• Assignment:
Render every line of the data exactly as written, and leave out the pictures.

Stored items

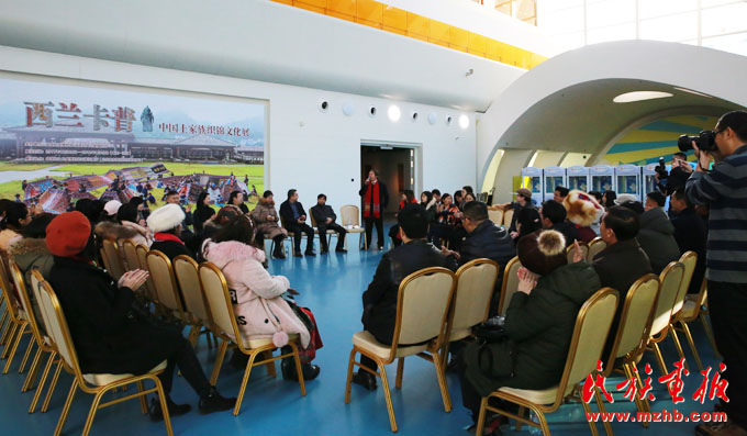 2018年1月11日,中國(guó)婦女兒童博物館展出的“西蘭卡普——中國(guó)土家族織錦文化展”迎來(lái)了42位特別的觀眾,他們是魯迅文學(xué)院第30期少數(shù)民族文學(xué)創(chuàng)作培訓(xùn)班的學(xué)員,來(lái)自全國(guó)18個(gè)省市、16個(gè)民族的少數(shù)民族作家,他們代表著中國(guó)民族文學(xué)創(chuàng)作的新生代。參展前舉行了座談會(huì),中國(guó)民族博物館黨委副書(shū)記、副館長(zhǎng)張志文,中國(guó)婦女兒童博物館副館長(zhǎng)劉華彬,魯迅文學(xué)院副院長(zhǎng)邢春等領(lǐng)導(dǎo)以及第30期少數(shù)民族文學(xué)創(chuàng)作培訓(xùn)班的學(xué)員們參加了座談會(huì)。
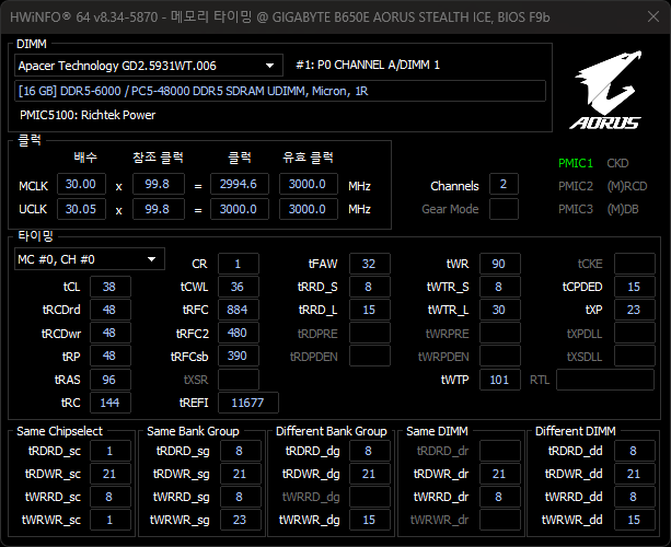 HWiNFO64 소프트웨어를 사용해 확인해본 메모리 정보입니다. EXPO(XMP) 설정 값이 잘 적용된 것이 확인되며 제한적이나마 PMIC 정보를 확인할 수 있네요.
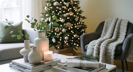 Modern Christmas living space. A cozy holiday corner with a stylish armchair, soft lighting, and a beautifully decorated tree. Perfect for modern holiday inspirations.
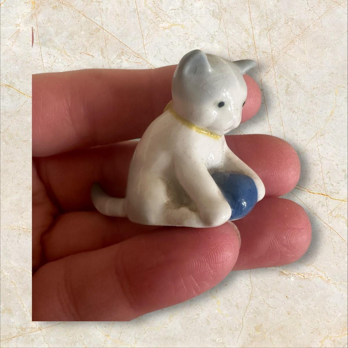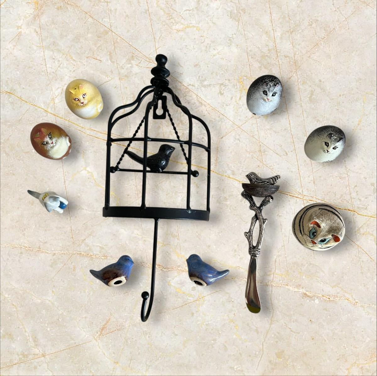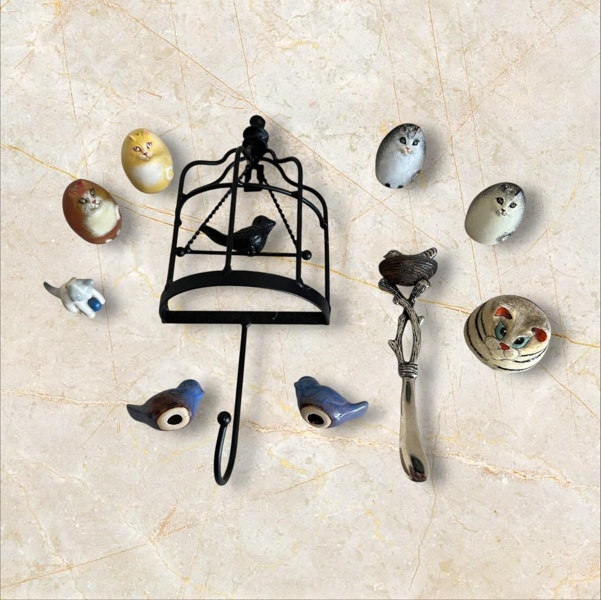 Birds and Kitties Cuteness Lot- small bluebirds appears to be handmade pottery and could be made into earrings or ornaments.
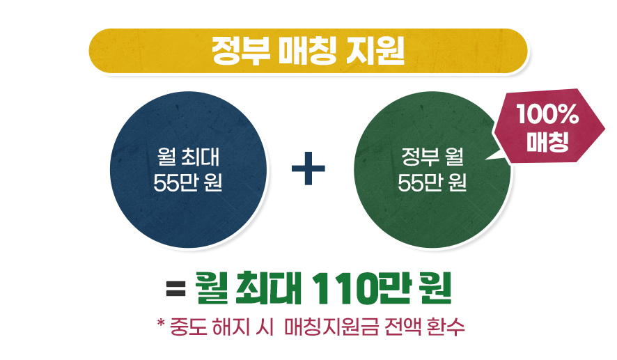 2025년 기준으로 최대 월 55만 원까지 저축할 수 있는데 내가 넣은 만큼 1:1로 매칭해 줍니다. 월 55만 원을 넣으면 55만 원, 월 30만 원을 넣으면 30만 원, 월 10만 원을 넣으면 10만 원을 정부가 똑같이 매칭해 주죠.
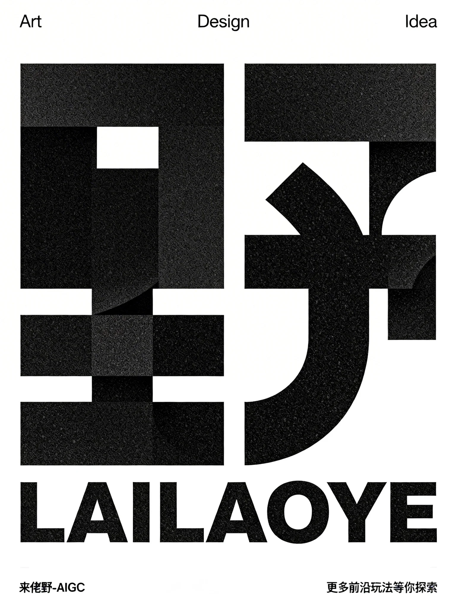 用“来佬野”这个词,创作LOGO。logo下方文字LAILAOYE。视觉风格为复古几何构成风,带有 Mid-Century Modern(中世纪现代)设计的厚重质感。笔触用法采用纯黑块面的几何拼接,以带颗粒感的纯色填充,通过矩形与弧形结合的块面组合塑造字母形态;笔画结构上,打破传统字母的书写逻辑,用直线与曲线块面进行解构重组,直线的硬朗与曲线的柔和形成强烈视觉对比,块面的穿插切割营造出丰富的层次与正负形趣味,整体呈现出复古又极具现代感的平面构成效果,兼具字母识别性与艺术表现力。画面上方有极小极细无衬线字体"Art"、"Design "、"Idea",极小左下角标注 “来佬野-AIGC” 右下角标注 “更多前沿玩法等你探索”。
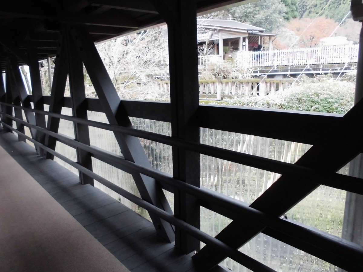 本館から別館への通路 森林鉄道馬路温泉前駅の景色を楽しめる
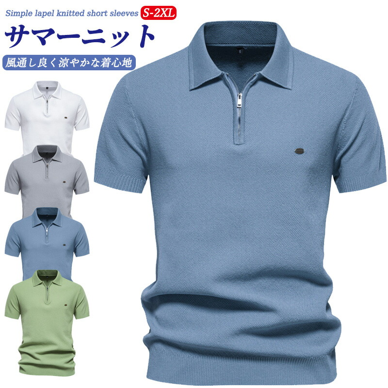 半袖 ニット ポロ メンズ 無地 シンプル 大きいサイズ ニットシャツ ビジネス カジュアル トップス おしゃれ サマーニット 吸汗速乾 Tシャツ クールビズ カットソー ストレッチ メンズファッショ
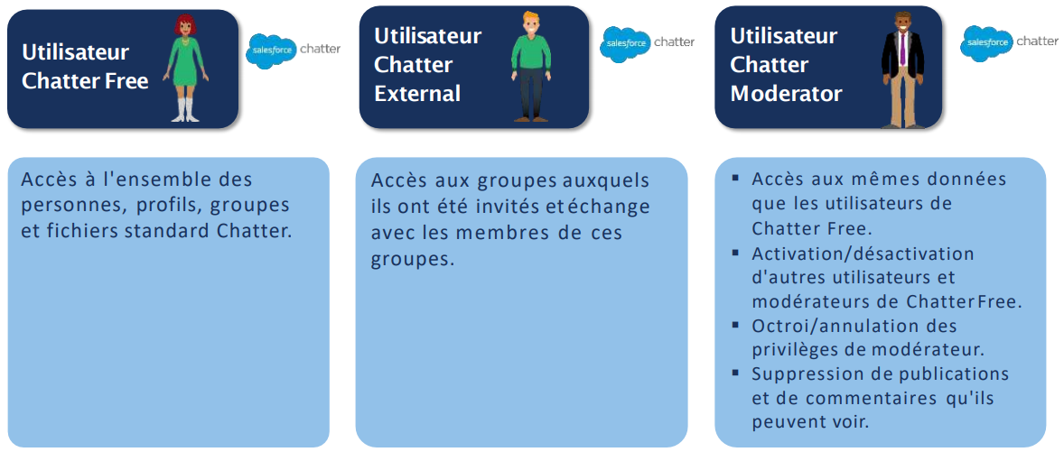 Les profils Chatter sont exclusivement réservés aux utilisateurs bénéficiant d'une licence utilisateur Chatter Free ou Chatter External et permettent aux utilisateurs de se connecter à Chatter uniquement.
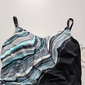 Go from poolside to vacation adventures in the Coco Contours Amaris One Piece Swimsuit. Designed with our patented Shapemaker® lining construction this one piece swimsuit smoothes your curves and lifts your bottom to accentuate your figure for confidence-boosting beachwear. Lively and vibrant, this unique silhouette features a multi-toned, whimsical print at its top, with contrasting black swim bottoms for a sleek, stylish look. Find your ideal fit with the wireless frame bra and adjustable straps that create confidence-boosting beachwear.
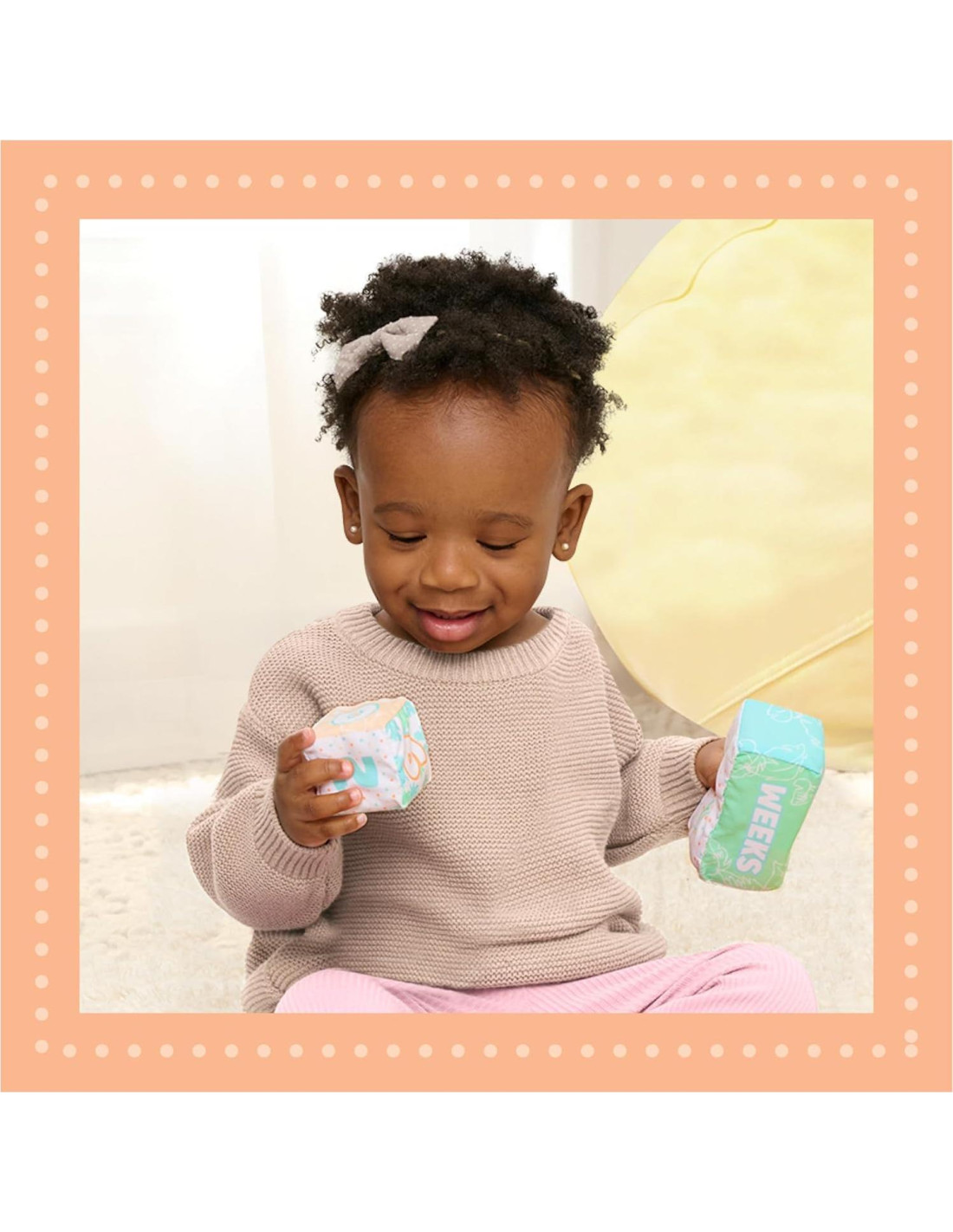 - Marca los Hitos: El irresistible peluche Stitch ayuda a conmemorar cada hito con 3 bloques de peluche, 2 con lados numerados, y 1 con lados que dicen 'Semana', 'Mes' y 'Año'.
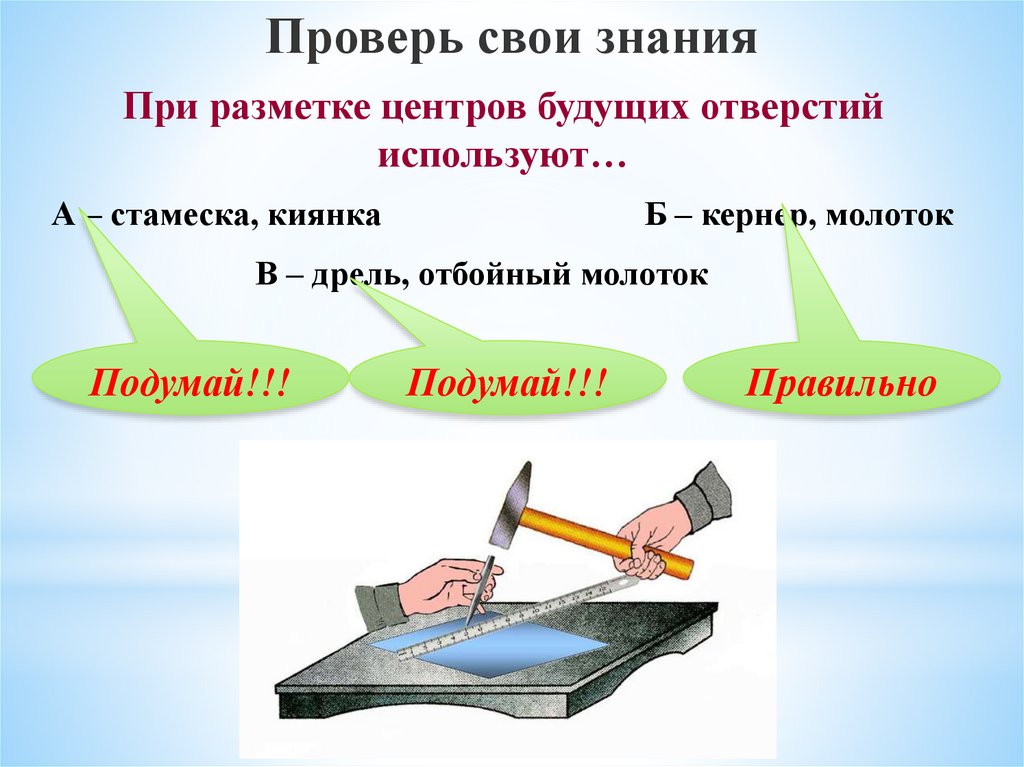Проверь свои знанияПри разметке центров будущих отверстий

• Problem solution:
 2018年1月11日,中國(guó)婦女兒童博物館展出的“西蘭卡普——中國(guó)土家族織錦文化展”迎來(lái)了42位特別的觀眾,他們是魯迅文學(xué)院第30期少數(shù)民族文學(xué)創(chuàng)作培訓(xùn)班的學(xué)員,來(lái)自全國(guó)18個(gè)省市、16個(gè)民族的少數(shù)民族作家,他們代表著中國(guó)民族文學(xué)創(chuàng)作的新生代。參展前舉行了座談會(huì),中國(guó)民族博物館黨委副書(shū)記、副館長(zhǎng)張志文,中國(guó)婦女兒童博物館副館長(zhǎng)劉華彬,魯迅文學(xué)院副院長(zhǎng)邢春等領(lǐng)導(dǎo)以及第30期少數(shù)民族文學(xué)創(chuàng)作培訓(xùn)班的學(xué)員們參加了座談會(huì)。
 HWiNFO64 소프트웨어를 사용해 확인해본 메모리 정보입니다. EXPO(XMP) 설정 값이 잘 적용된 것이 확인되며 제한적이나마 PMIC 정보를 확인할 수 있네요.
 Modern Christmas living space. A cozy holiday corner with a stylish armchair, soft lighting, and a beautifully decorated tree. Perfect for modern holiday inspirations.
 Birds and Kitties Cuteness Lot- small bluebirds appears to be handmade pottery and could be made into earrings or ornaments.
 2025년 기준으로 최대 월 55만 원까지 저축할 수 있는데 내가 넣은 만큼 1:1로 매칭해 줍니다. 월 55만 원을 넣으면 55만 원, 월 30만 원을 넣으면 30만 원, 월 10만 원을 넣으면 10만 원을 정부가 똑같이 매칭해 주죠.
 用“来佬野”这个词,创作LOGO。logo下方文字LAILAOYE。视觉风格为复古几何构成风,带有 Mid-Century Modern(中世纪现代)设计的厚重质感。笔触用法采用纯黑块面的几何拼接,以带颗粒感的纯色填充,通过矩形与弧形结合的块面组合塑造字母形态;笔画结构上,打破传统字母的书写逻辑,用直线与曲线块面进行解构重组,直线的硬朗与曲线的柔和形成强烈视觉对比,块面的穿插切割营造出丰富的层次与正负形趣味,整体呈现出复古又极具现代感的平面构成效果,兼具字母识别性与艺术表现力。画面上方有极小极细无衬线字体"Art"、"Design "、"Idea",极小左下角标注 “来佬野-AIGC” 右下角标注 “更多前沿玩法等你探索”。
 本館から別館への通路 森林鉄道馬路温泉前駅の景色を楽しめる
 半袖 ニット ポロ メンズ 無地 シンプル 大きいサイズ ニットシャツ ビジネス カジュアル トップス おしゃれ サマーニット 吸汗速乾 Tシャツ クールビズ カットソー ストレッチ メンズファッショ
 Les profils Chatter sont exclusivement réservés aux utilisateurs bénéficiant d'une licence utilisateur Chatter Free ou Chatter External et permettent aux utilisateurs de se connecter à Chatter uniquement.
 Go from poolside to vacation adventures in the Coco Contours Amaris One Piece Swimsuit. Designed with our patented Shapemaker® lining construction this one piece swimsuit smoothes your curves and lifts your bottom to accentuate your figure for confidence-boosting beachwear. Lively and vibrant, this unique silhouette features a multi-toned, whimsical print at its top, with contrasting black swim bottoms for a sleek, stylish look. Find your ideal fit with the wireless frame bra and adjustable straps that create confidence-boosting beachwear.
 - Marca los Hitos: El irresistible peluche Stitch ayuda a conmemorar cada hito con 3 bloques de peluche, 2 con lados numerados, y 1 con lados que dicen 'Semana', 'Mes' y 'Año'.
Проверь свои знанияПри разметке центров будущих отверстий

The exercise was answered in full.